Ее зовут то-ли Люся, то-ли Лида. До неприличия просто, в сравнении с той сложностью, которая скрывается за этим звучанием. Но я вовсе не уверен, что знаю ее настоящее имя. Я зову ее моя Эйфория или просто Пори, с ударением на первый слог. Изначально, вроде как Фори, но в иврите, стоящая в начале слова Фэй, читается как Пэй. Поэтому Пори.

Все происходящее кажется столь нереальным, что меня постоянно преследует страх, а не приснилось ли мне это все? Что если я не получал никакого сообщения от незнакомки в тот вечер? Что если в мой дом попала ракета? Что если я умер? Или сейчас меня разбудит реаниматолог и сообщит, что я провел в коме три месяца, врачи отчаянно боролись за мою жизнь, и, наконец, им удалось меня стабилизировать…

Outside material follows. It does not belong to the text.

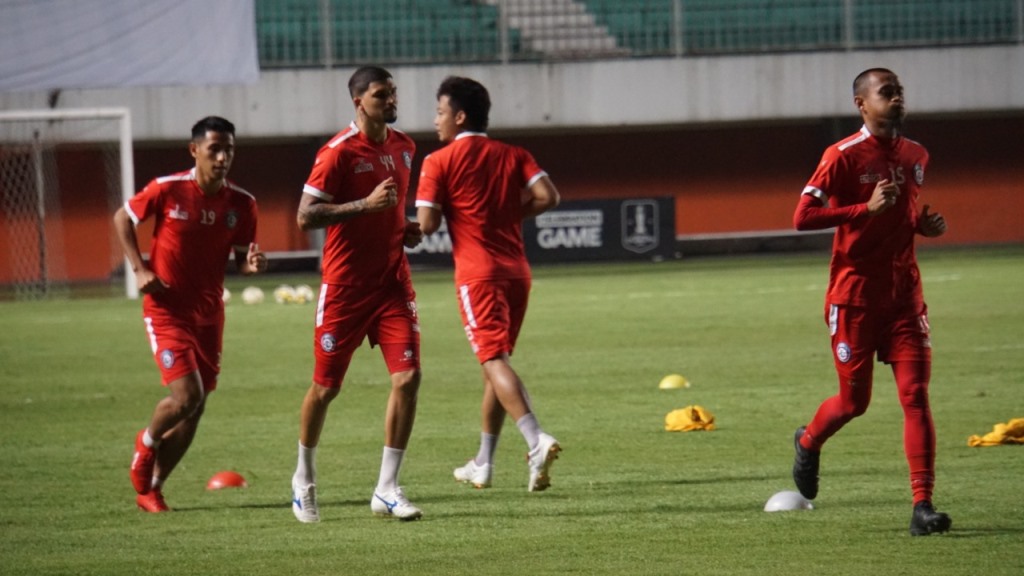 Sejumlah pemain Arema saat latihan di Stadion Maguwoharjo. (Foto: medcom.id/Ahmad Mustaqim)

Если рассказать, никто не поверит. Чтобы найти ее, я не ходил за сто морей, не сражался с пиратами на дальних берегах и не освобождал ее из башни дракона. Палец о палец не ударил, я даже не ждал ее у окошка, потому что давно уже в этой жизни ничего не ждал.

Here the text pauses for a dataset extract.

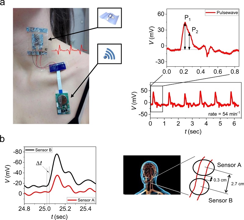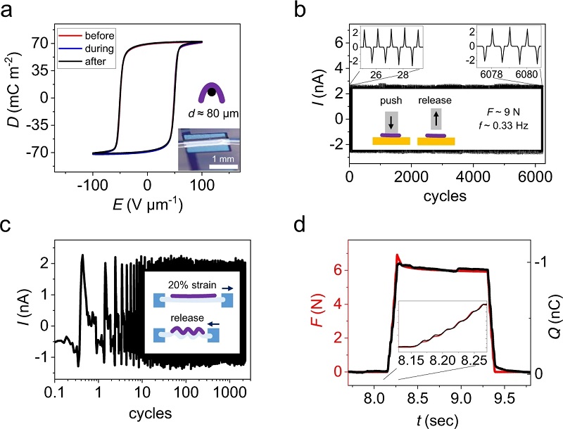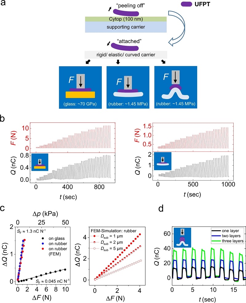 (a)在1 µm薄diX-SR(聚对二甲苯)基底上超柔性P(VDF:TrFE)70:30基传感器的图片及其器件结构示意图;

Она сама меня нашла. Русский офицер, к тому же в столь молодом возрасте с целым созвездием на погонах. Космическая интеллектуалка и умопомрачительная сексапильная красотка, а вернее потаенная порно-мечта с пирсингом в сосках, от которой у меня перехватывает дыхание, а пульс срывается с цепи.

Я не переоценивал бы шансы обратить на себя ее внимание даже для Джеймса Бонда. Понятия не имею, кого она представляла в своей голове, но постучалась она не к Бонду, а именно ко мне - старому обшарпанному наркоману, давно переставшему за собой следить, употребляющему ежедневно более трех видов тяжёлых наркотиков перекрестно.

То что она обнаружила меня дома, а не в канаве - лишь следствие моей слабохарактерности и неспособности стойко переносить непогоду, тяготы и лишения в этой самой канаве. Я прикидывал траекторию своего жизненного пути так, чтобы кривая моего здоровья и тихая смерть на съемной хате не разошлись по шкале времени с последними выплатами от моего бывшего работодателя.

Для меня вовсю шел обратный отсчет, я уже спустил курок, и пуля с ускорением уже летела к моей голове. В тот момент я меньше всего ожидал, что со словами: “не время умирать”, в мою дверь может постучать самая веская на свете причина чтобы жить.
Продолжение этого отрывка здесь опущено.